GOAL OF THE EXERCISE → Please restate the listing word for word, omitting the images.

SUPPLIED MATERIAL →
☆ ☆ ☆ ☆ ☆ ☆ ☆

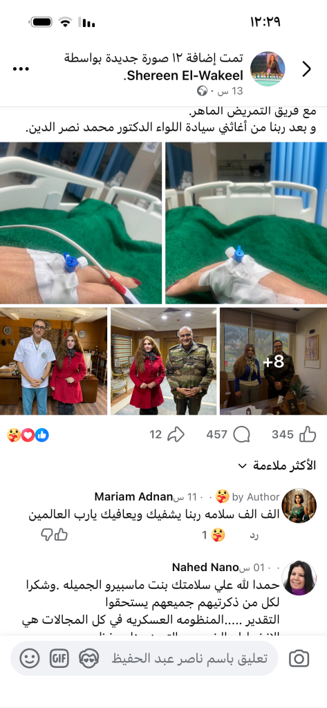 ثلاثة أسابيع عذاب تُختصر في جملة واحدة، ثم ينفتح النص على شكر واضح، محدد بالأسماء والرتب، للأطباء والتمريض والإدارة.
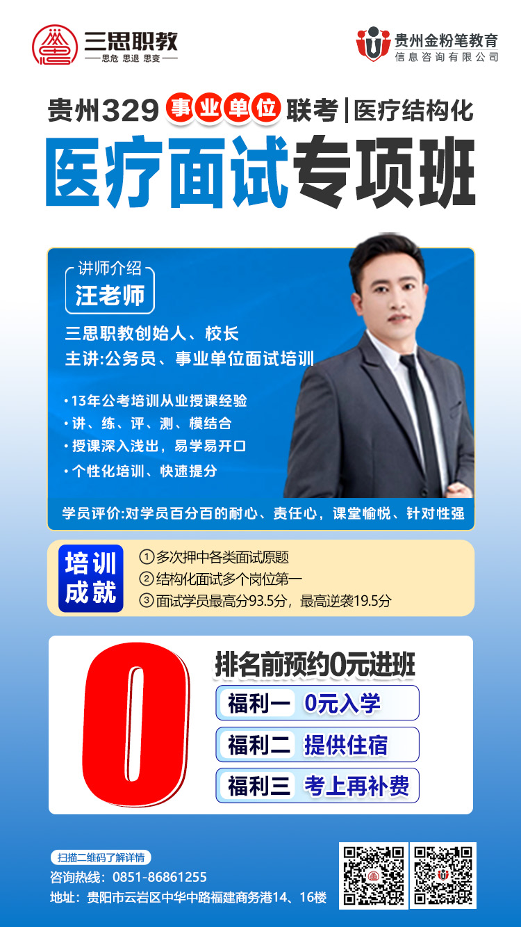 贵州金粉笔.三思职教2025年贵州事业单位联考E类医疗岗面试培训班课程优惠来了,在贵州事业单位医疗岗笔试成绩排名公布预约或报面试培训班,不论排名分差,可0元入学,提供住宿。贵州事业单位联考医疗岗面试培训班预约或详情咨询:13368515037(微同)。
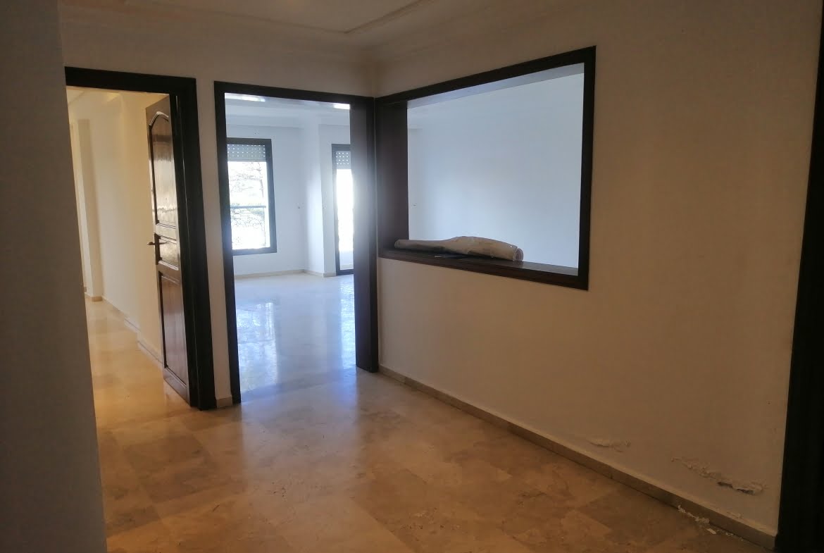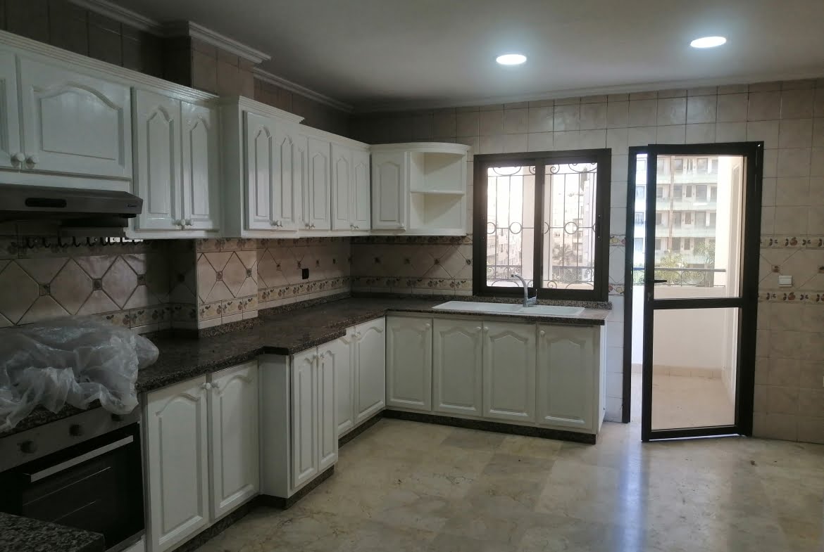 Immobilier-Casablanca-Location-Appartement-Sur-Racine, d’une superficie de 170m², se trouvant au troisième étage, dans une residence de haut standing et bien entretenu, ensoleillé et sans vis-à-vis, proche de Paul Anfa, et de toutes les commodités et écoles, l’appartement est bien agencé comprenant un hall, grand salon donnant sur un balcon, salle d’eau invités, coin salle à manger, grande cuisine avec espace buanderie, espace enfants contenant un petit hall avec rangements, deux chambres avec placards, salle de bain avec baignoire, chambre parentale dont placards et salle de bain avec cabine douche, place au parking

☆ ☆ ☆ ☆ ☆ ☆ ☆

EXPECTED OUTPUT →
 ثلاثة أسابيع عذاب تُختصر في جملة واحدة، ثم ينفتح النص على شكر واضح، محدد بالأسماء والرتب، للأطباء والتمريض والإدارة.
 贵州金粉笔.三思职教2025年贵州事业单位联考E类医疗岗面试培训班课程优惠来了,在贵州事业单位医疗岗笔试成绩排名公布预约或报面试培训班,不论排名分差,可0元入学,提供住宿。贵州事业单位联考医疗岗面试培训班预约或详情咨询:13368515037(微同)。
 Immobilier-Casablanca-Location-Appartement-Sur-Racine, d’une superficie de 170m², se trouvant au troisième étage, dans une residence de haut standing et bien entretenu, ensoleillé et sans vis-à-vis, proche de Paul Anfa, et de toutes les commodités et écoles, l’appartement est bien agencé comprenant un hall, grand salon donnant sur un balcon, salle d’eau invités, coin salle à manger, grande cuisine avec espace buanderie, espace enfants contenant un petit hall avec rangements, deux chambres avec placards, salle de bain avec baignoire, chambre parentale dont placards et salle de bain avec cabine douche, place au parking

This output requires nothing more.